= Beth Cullen-Kerridge =

English sculptor

Beth Cullen-Kerridge (born 1970) is an English sculptor.

Cullen-Kerridge was born in Stoke-on-Trent to Judith Vincent, a businesswoman, and James Cullen, a painter. She attended John Moores University and the Royal College of Art. In 1994, she became the first artist to be presented with the commission for the Napoleon Garden Sculpture exhibition in Holland Park. Her work was subsequently shown in two of the London Parks.
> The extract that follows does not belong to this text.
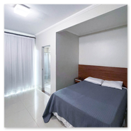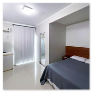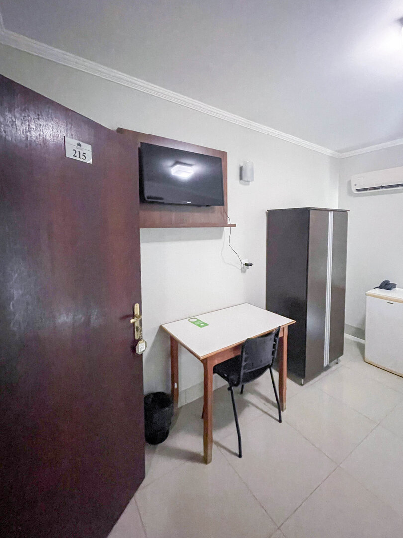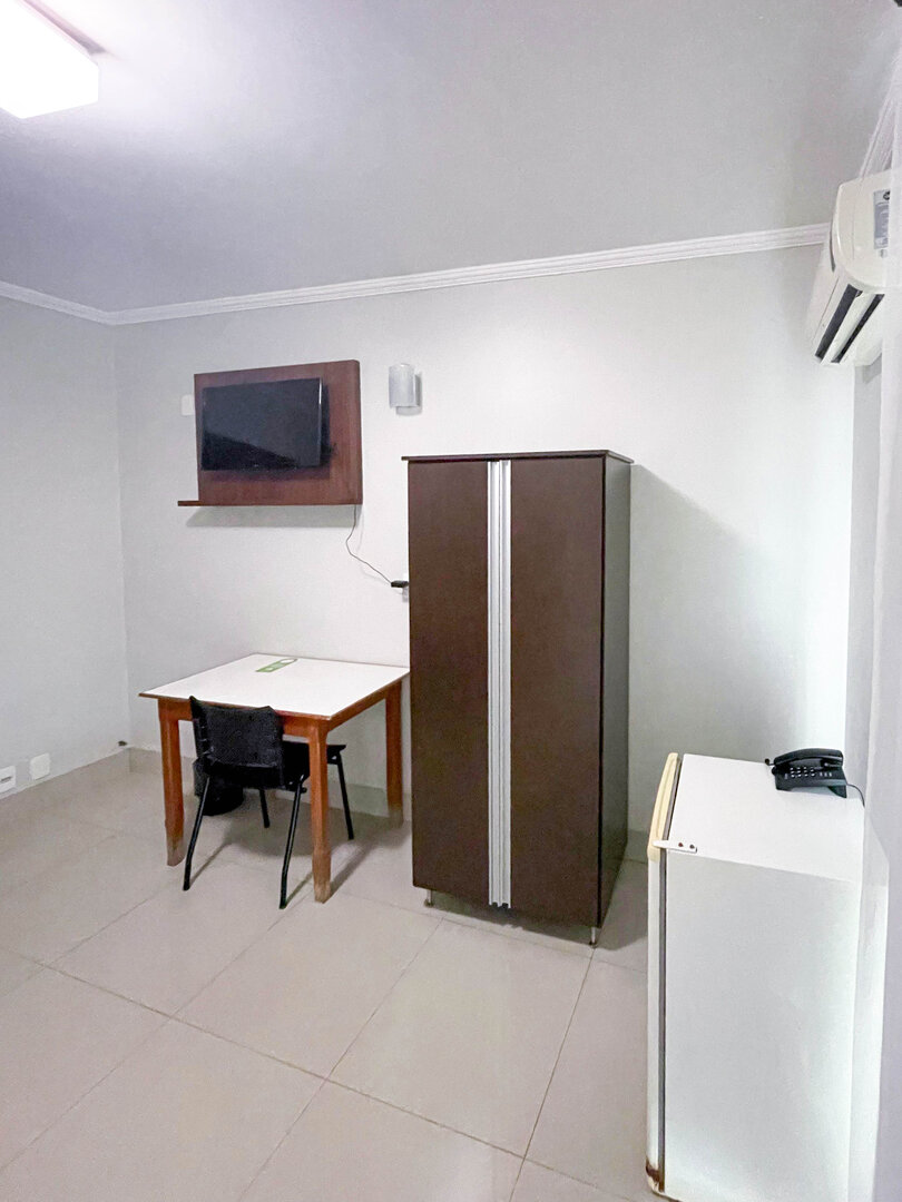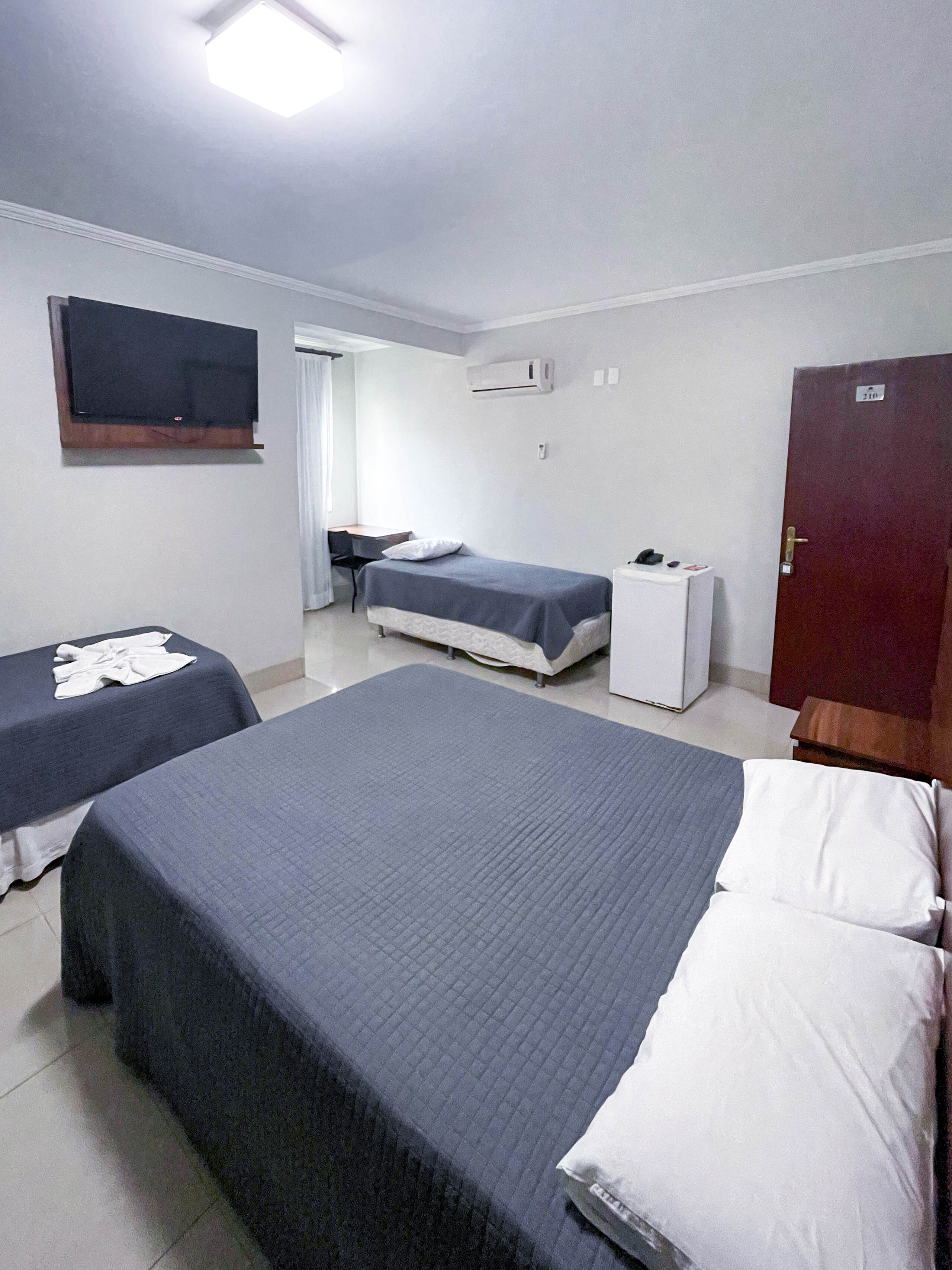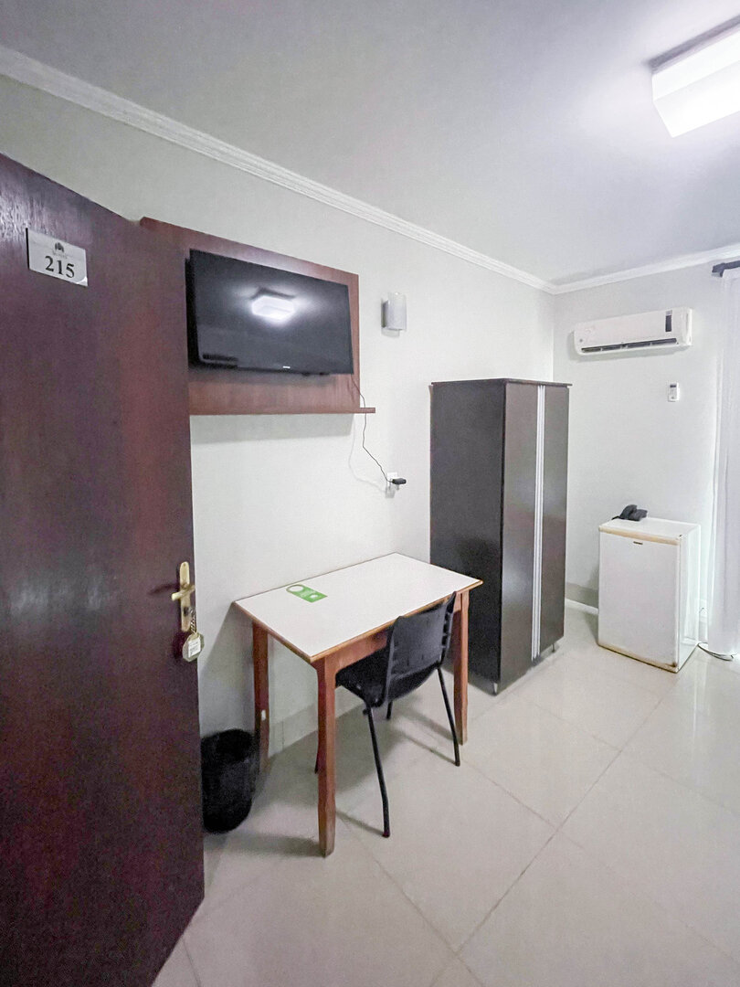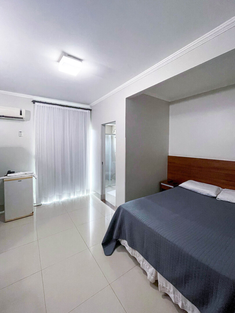 Cama de casal, amenidades de banho (sabonete, toalhas, etc.), Wi-Fi, frigobar, TV, ar-condicionado, telefone

Her work has been shown in exhibitions England including specifically-made sculptures for her home town of Stoke on Trent. She has worked as an assistant in foundries producing works for Eduardo Paolozzi, Elisabeth Frink, and Sir Anthony Caro.

In 2004 Cullen-Kerridge moved to Norfolk to work on property renovation. A year later she moved to Marlow in Buckinghamshire to develop and open a gastropub, The Hand and Flowers with her husband, chef Tom Kerridge, with whom she has one son, Acey (born 2015). They were able to purchase the pub with the help of money she had received for a sculpture commission for a roundabout in Stoke. She subsequently gave up producing sculpture for a number of years while she developed the business.

Cullen-Kerridge travelled to Carrara in 2010, to study marble carving with artisans there.

She had an exhibition at Hoxton Arches, Hoxton, East London, in 2014. Works included a formal shirt on a crucifix called "Hung out to Dry".

Her sculptures also include a shirt torso with a shark fin protruding from the back. She exhibited at Gallery Different in Percy Street, London in October 2015.